Let $n$ is integer and we want to express it in terms of $10$ as $$n=R^3_k10^k+R^3_{k-1}10^{k-1} \cdots+ R^3_0$$ where $R_i\in \{\pm0,\pm 1,\pm 2,\ldots,\pm9\}$
Example : $37= 1^3\times10+3^3$
Algorithms: Let $$ n = Q_0 \cdot 10+R^3_0, $$
where $ |R_0| < 10$. Then, we can in turn represent
$$ Q_0 = Q_1 \cdot 10 + R^3_1, $$
where $ |R_1| < 10 $, and so on, so we can find $R_0, R_1, \dots$ with consecutive division by $10$ and taking remainders.
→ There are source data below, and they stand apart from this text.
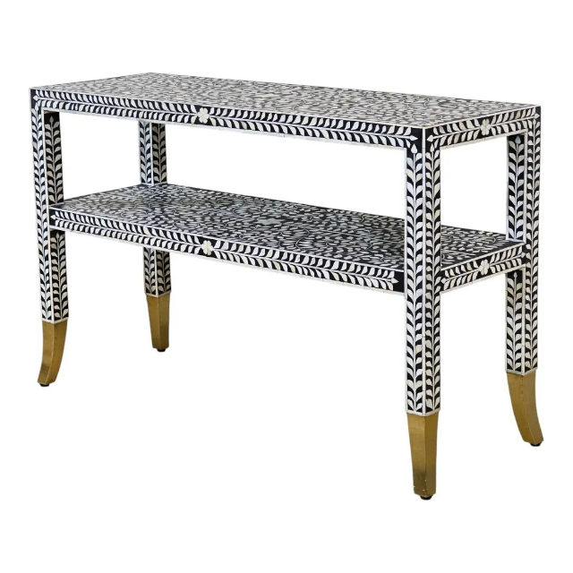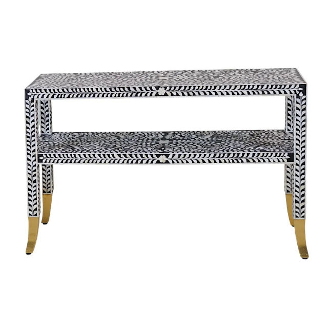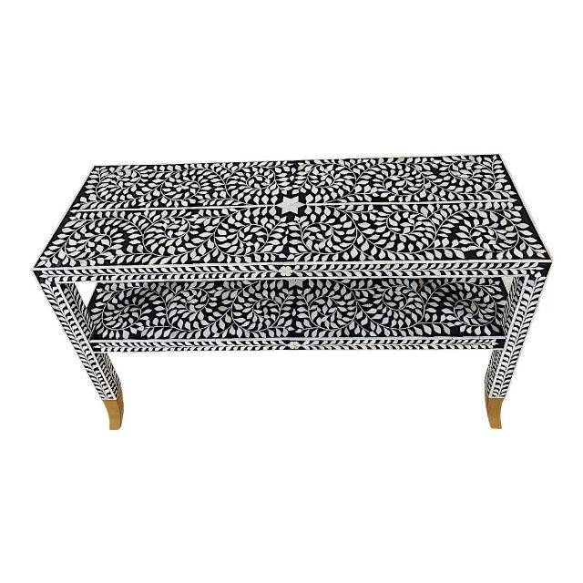 โต๊ะคอนโซลไม้เนื้อแข็งทำมือ ดีไซน์วินเทจ ตกแต่งด้วยกระดูก งานฝีมือระดับพรีเมียม เป็นมิตรกับสิ่งแวดล้อม เฟอร์นิเจอร์ห้องนั่งเล่นทันสมัยจากราชสถาน
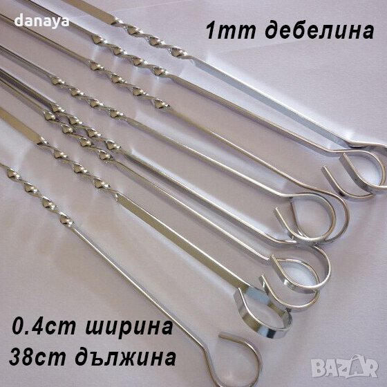 Обща дължина на един шиш: 38см; ширина на острието: 4 милиметра. Дебелина: 1 милиметър. Комплект от 10 броя.
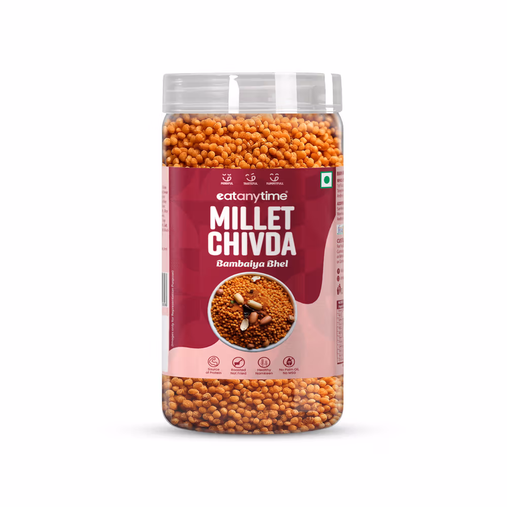 The Bambaiya bhel millet chivda offers a nutritious and delicious snack with authentic Mumbai street food taste. It is high in protein and fiber
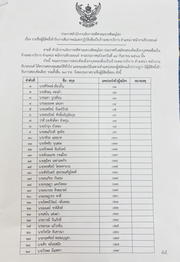 ประกาศรายชื่อผู้มีสิทธิ์สอบสัมภาษณ์ และปฏิบัติ ในตำแหน่ง พนักงานขับรถยนต์ (จ้างเหมาบริการ)
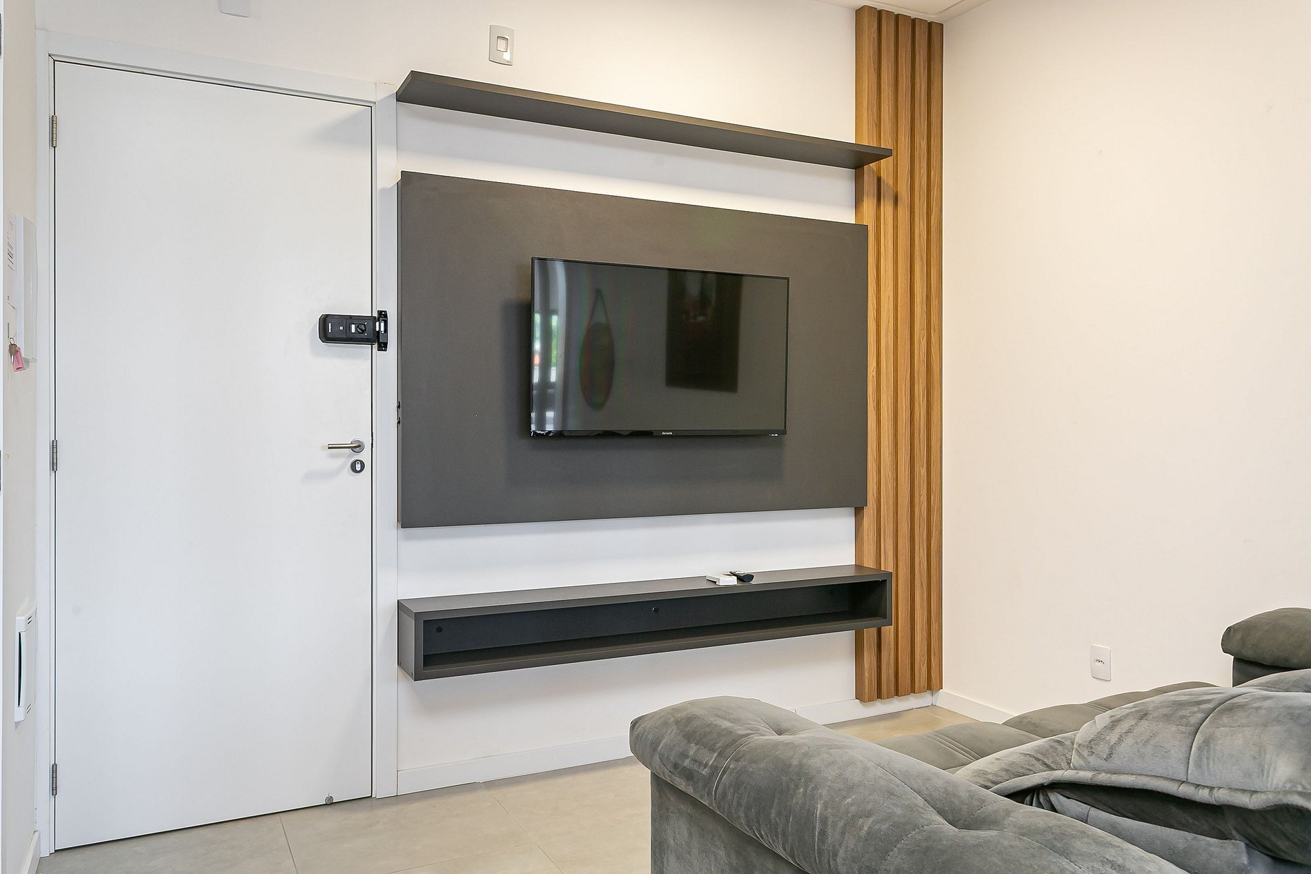 O studio de 34m² conta com uma cama QUEEN, uma Smart TV de 43" e AC SPLIT (SÓ FRIO).
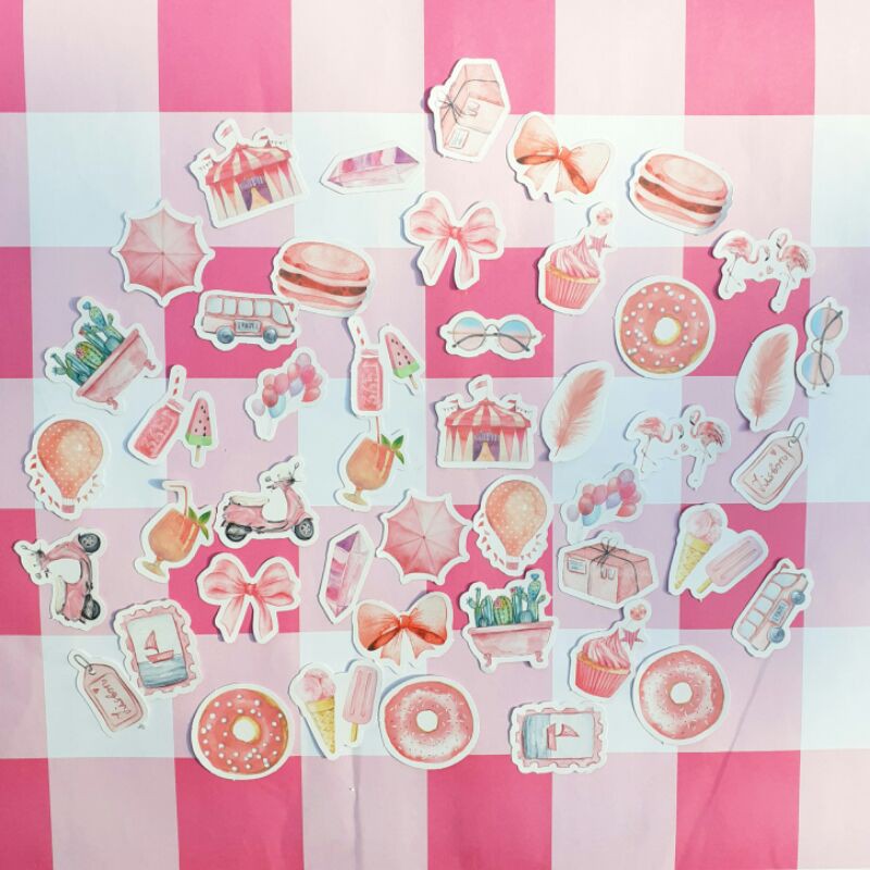 Sticker dengan motif lucu lucu dan serba berwarna pink sangat bagus untuk menghias pada journal , notes agar lebih berwarna dan bisa juga untuk menghias phone case.
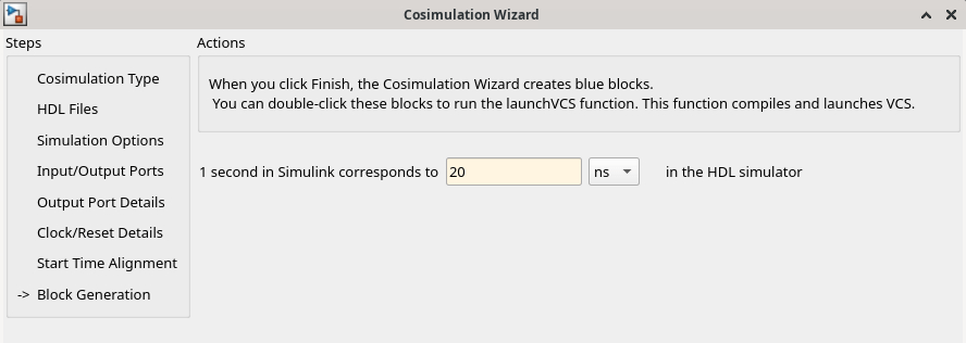 Before you generate the HDL Cosimulation block, you have the option to determine the timescale before you finish the Cosimulation Wizard. Alternately, you can instruct HDL Verifier to calculate a timescale later. Timescale calculation by the verification software occurs after you connect all the input/output ports of the generated HDL Cosimulation block and start simulation.
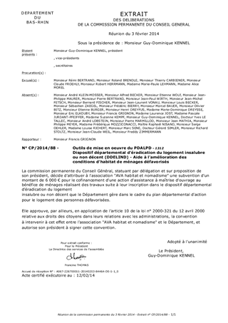Le présent rapport concerne la reconduction de la demande de l'association 'AVA habitat et nomadisme' concernant le cofinancement d'une action d'assistance à maîtrise d'ouvrage au bénéfice de ménages réalisant des travaux suite à leur inscription dans le dispositif départemental d'éradication du logement insalubre ou non décent que le Département gère dans le cadre du plan départemental d'action pour le logement des personnes défavorisées.
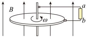 8. 如图所示,法拉第圆盘发电机的两电刷间接有一定值电阻。已知圆盘半径为r,绕中心轴以角速度
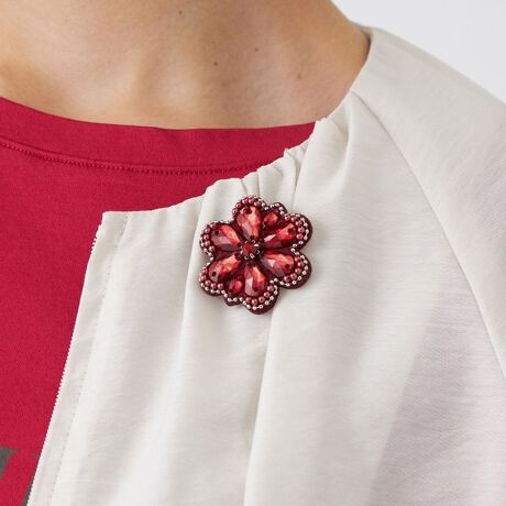 [型番:U1V09613__]塗装できれいに色を付けたなみだ型のパーツを中心に、極小プラパールやボールチェーンを使って、きりっとした花型のフェルトブローチを作りました。ジャケットの襟やニットの襟元、また帽子やバッグなど、色々な場所につけてお楽しみ下さい。

\begin{equation*} \begin{split} n&=Q_0\cdot 10+R^3_0 \\ Q_0&= Q_1\cdot 10+R^3_1 \\ Q_1&= Q_2\cdot 10+R^3_2 \\ \vdots &=\quad \vdots\\ Q_{k-2} &= Q_{k-1}\cdot 10+R^3_{k-1}\\ Q_{k-1} &= 0\cdot f + R^3_{k} \end{split} \end{equation*}
where $R_i\in \{\pm0,\pm 1,\pm 2,\ldots,\pm9\}$
Hence, $n=(R^3_k,R^3_{k-1}, \cdots, R^3_0)_{10}\quad \text{or simply} \quad [R_k,R_{k-1}, \cdots, R_0]$
Note: For each $Q$ there are $R^3$ and $-R^3_*$ such that $Q\equiv R^3\equiv -R^3_*\pmod{10}$
Example: \begin{equation*} \begin{split}531&=2^3\times 10^2+(-3)^3\times 10+1^3\\ &=(2^3,-3^3,1^3)_{10}\\ &=[2,-3,1] \end{split} \end{equation*}
here representation is not unique. for example
\begin{equation*} \begin{split}531 &=(2^3,-3^3,1^3)_{10}\\ &=(1^3,-2^3,-1^3,-4^3,-9^3)_{10}\\ &=[1,-2,-1,-4,-9] \end{split} \end{equation*}
Define function $D(n)$, calculate minimal degree to represent $n$ in terms of $10$ where coefficients are cube number less than $10^3$ and greater than $-10^3$
so $D(531)=2$ because we can express $531=2\times 10^2+(-3)^3\times 10+1^3$ have degree $2$ and smallest representation.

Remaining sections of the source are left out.